British newspaper Mail Online is reporting that Twitter has forged an alliance with a company called Datasift to help sell Twitter messages to marking companies looking to profile potential customers. The Telegraph has confirmed the agreement and says that sales of tweets up to two years old are expected to begin immediately. News site RT Question More, says the sale is an abuse of trust and Twitter users should boycott the service starting immediately.

Mail Online notes that most Twitter users believe that their tweets only exist for a week because after that amount of time, they can no longer access them. This is not the case of course, as Twitter has archived every tweet ever made by every single one of its customers. Those tweets are now up for sale to the highest bidder.

The question here isn’t whether Twitter has the right to sell Tweets (it does) or even whether it is ethical for it to do so. The real issue here is, according to Ubergizmodo, whether Twitter falsely represented to its customers the amount of time that their Tweets would “live” on the Twitter servers.

Mail Online says that the tweets, which number somewhere around 250 million a day sent by people the world over are a valuable commodity, and Twitter, which doesn’t charge users to access its service quite clearly has to do something to stay afloat.
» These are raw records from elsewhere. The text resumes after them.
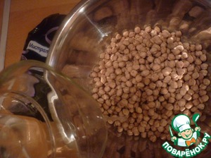 Нут предварительно тоже нужно замочить (лучше даже на ночь) а потом сварить до готовности. Я нут отвариваю всегда всю пачку, откладываю сколько мне нужно для блюда, остальное замораживаю и вытаскиваю, когда мне он необходим. В этот раз я так и поступила. Достала несколько штук из морозилки. (На фото у меня когда я замачивала его, чтобы отварить)))
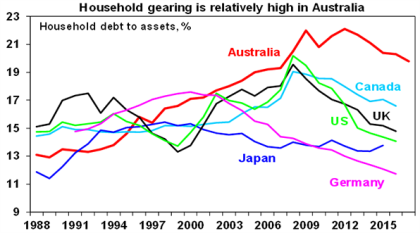 None of this is to say the rise in household debt is without risk. Not only has household debt relative to income in Australia risen to the top end of comparable countries but so too has the level gearing (ie the ratio of debt to wealth or assets).
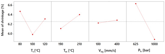 Figure 8 contains the main plots for shrinkage. The shrinkage is significantly affected by the packing pressure; increasing packing pressure from 625 to 1000 bar reduces the shrinkage considerably (ca. 10%). This reduction can be due to the fact that increasing packing pressure increases the amount of material entering the cavity; as a result, shrinkage decreases. Increasing mold temperature from 80 to 100 °C is resulted in a reduction of shrinkage; but increasing mold temperature to 120 °C shows an increment. This complex effect could be related to the crystallinity of the POM polymer as temperature (both mold and melt temperature) are known to drive the rate of crystallization by controlling the transition from melt to solid state [9,20]. The effect of melt temperature is around 2.5% and even smaller for injection speed, thus the effects are not significant.
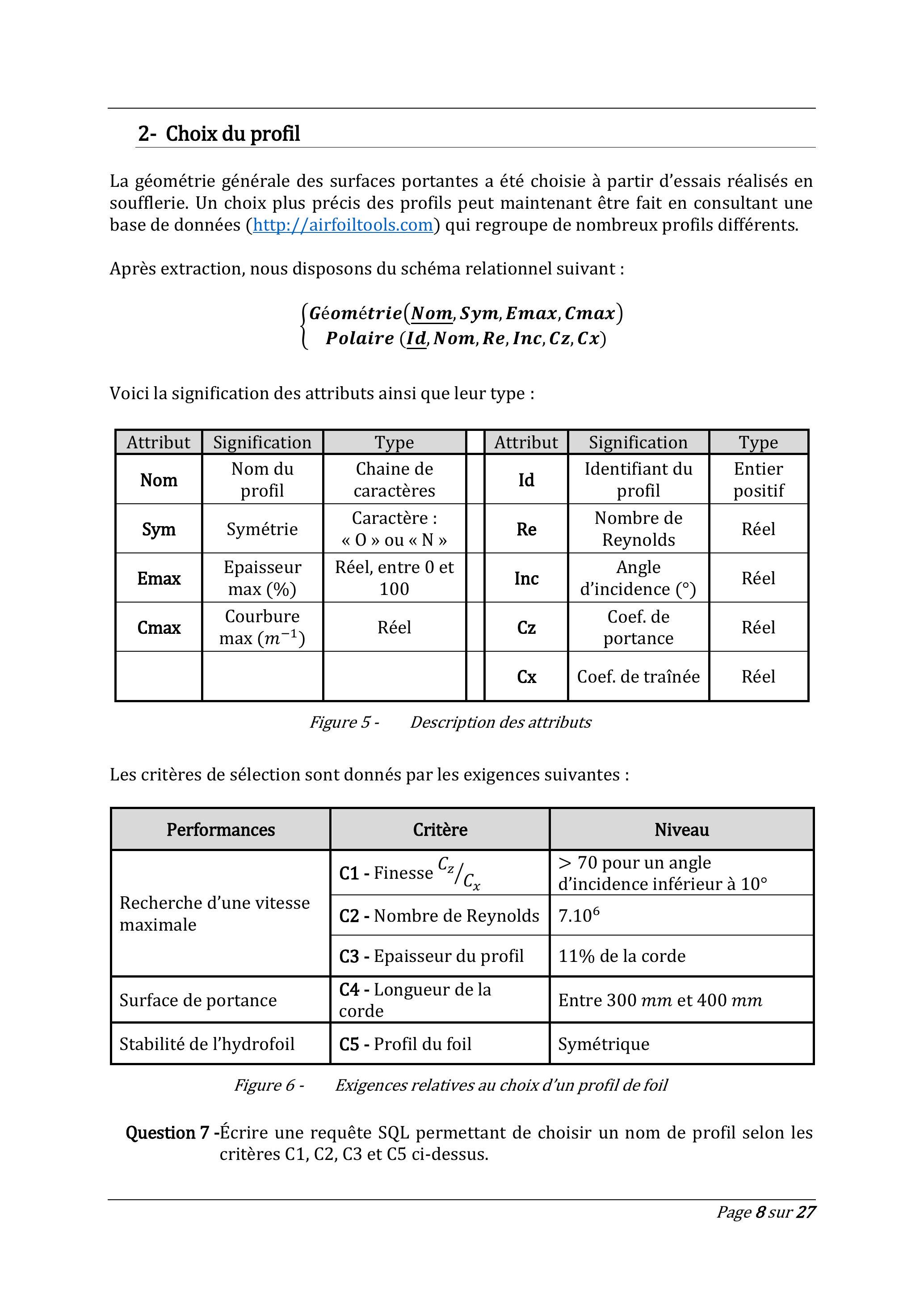 La géométrie générale des surfaces portantes a été choisie à partir d'essais réalisés en soufflerie. Un choix plus précis des profils peut maintenant être fait en consultant une base de données (http://airfoiltools.com) qui regroupe de nombreux profils différents.
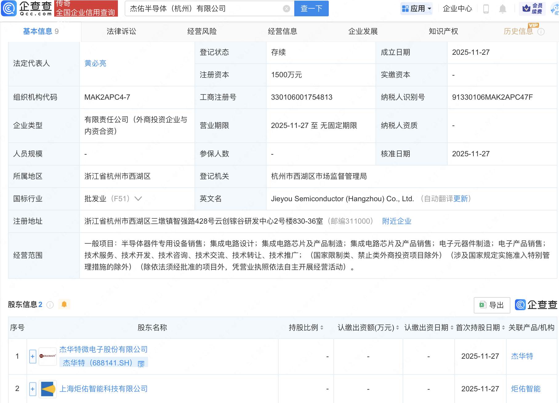 近日,杰佑半导体(杭州)有限公司成立,注册资本1500万元炒股配资门户网站,经营范围包含:半导体器件专用设备销售;集成电路设计;集成电路芯片及产品制造;集成电路芯片及产品销售等。企查查股权穿透显示,该公司由杰华特(688141)等共同持股。

Attempts to integrate advertising have simply not worked as well as the company had planned. Selling tweets however could prove very lucrative.

Ubergizmodo points out that users won’t have to worry about being targeted due to Tweets they have made any time soon however due to the sheer volume of Tweets that are out there. Prospective buyers are much more likely to use sophisticated software to hop-scotch their way through the data to pick up trends or to create averages to see how “hot” topics were during certain time periods. Other companies may buy a copy of the data simply sift through it all to see how often their name is mentioned.

Others aren’t so charitable, as Mail Online points out that some sites have described the move as subversive, creepy and even just plain a wrong. They are also reporting that Datasift will be charging customers about $15,000 month for access to the data and that the company says it has over a thousand clients signed up already. They also are reporting that deleted accounts will not be included in the sale.